Hairy/Stringy/Common Mango – As the name suggests, this mango is found everywhere and is the one most of us know well. It has been bred with other varieties for some interesting flavours. Many of us have memories of eating these by the dozen during summer months when we were children. The down side, if any, to eating hairy mangoes is the time spent picking the fibres from ones teeth afterward. The skin is not flavourful, so is not usually consumed by die-heart fanatics.
Black/Blackie – This sweet treat is as widely known as and sometimes smaller than hairy mangoes, but is no less sweet. The skin is palatable (although sometimes prone to black spots) and every mango specialist can attest to eating every bit of flesh off a blackie. Since their skin is most often green, and sometimes yellowish, it’s challenging to work out how the black mango got its name.
Number Eleven – Although not for everybody, number eleven is very popular. It has a distinctive shape and flavour. The flesh is firm and the fruit remarkable for the tanginess close to the seed. Still, those who love this mango are known to ‘juice’ the mango until the seed is white.

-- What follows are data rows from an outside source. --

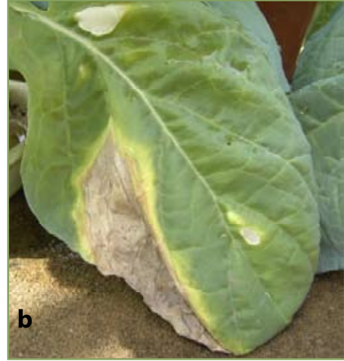
Figure 6b. Colapso do tecido internerval em repolho

No campo, a infecção pela Xcc causa lesões foliares cloróticas a necróticas começando a partir das margens em em forma de V com o vértice voltado para a base da folha (Fig. 6a & b), descoloração vascular preta a castanha (Fig. 7), paralisação do crescimento.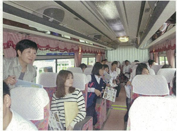
先生も積極的に造船の現場を見学！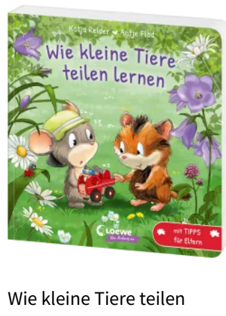
Wie kleine Tiere teilen lernen Hardcover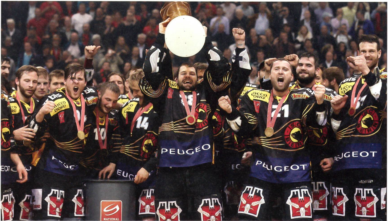
Der SC Bern wird Schweizer Eishockeymeister 2013.

samt 65 Medaillen und waren die drittstärkste Nation in dieser Rangliste. Die USA mit 104 Medaillen setzten sich wieder vor China, das 88 Medaillen errang. Herausragende Athleten waren Michael Phelps von den USA mit vier Medaillen im Schwimmen und Usain Bolt von Jamaica mit drei Medaillen in der Leichtathletik.

East Indian – Although loved by most mango eaters, the East Indian is considered the ‘top a top’ in terms of class. As the name suggests, this strain was brought to the island by indentured labourers from India around 1845. Large, fleshy and sweet, a single East Indian can satisfy the staunchest mango lover’s appetite.
Julie Mango – The St. Julian or Julie, for short, is well-loved among Jamaicans for its rich flavour and great texture. It’s not very colourful, but runs from green to a reddish-orange tinge when ripe. The shape is distinctive – round, with a flattish side. It is best eaten when just shy of ripe as the flesh becomes runny or ‘blobsy’ when overripe. The Julie is among the juiciest mangoes.

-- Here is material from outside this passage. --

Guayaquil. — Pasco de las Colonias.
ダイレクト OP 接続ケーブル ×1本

Many varieties of mangoes exist in Jamaica and some are more plentiful in certain parishes. Mangoes are an undeniable part of our Jamaican culture. Grandmothers can tell tales of sitting over pans full of mangoes and eating until full to the gills. These days, with the advent of lifestyle diseases such as diabetes, some of us have been forced to put the brakes on the quantity of this heavenly fruit that we consume. There are other popular varieties that we love but we’ll leave you to add to the list, those we missed.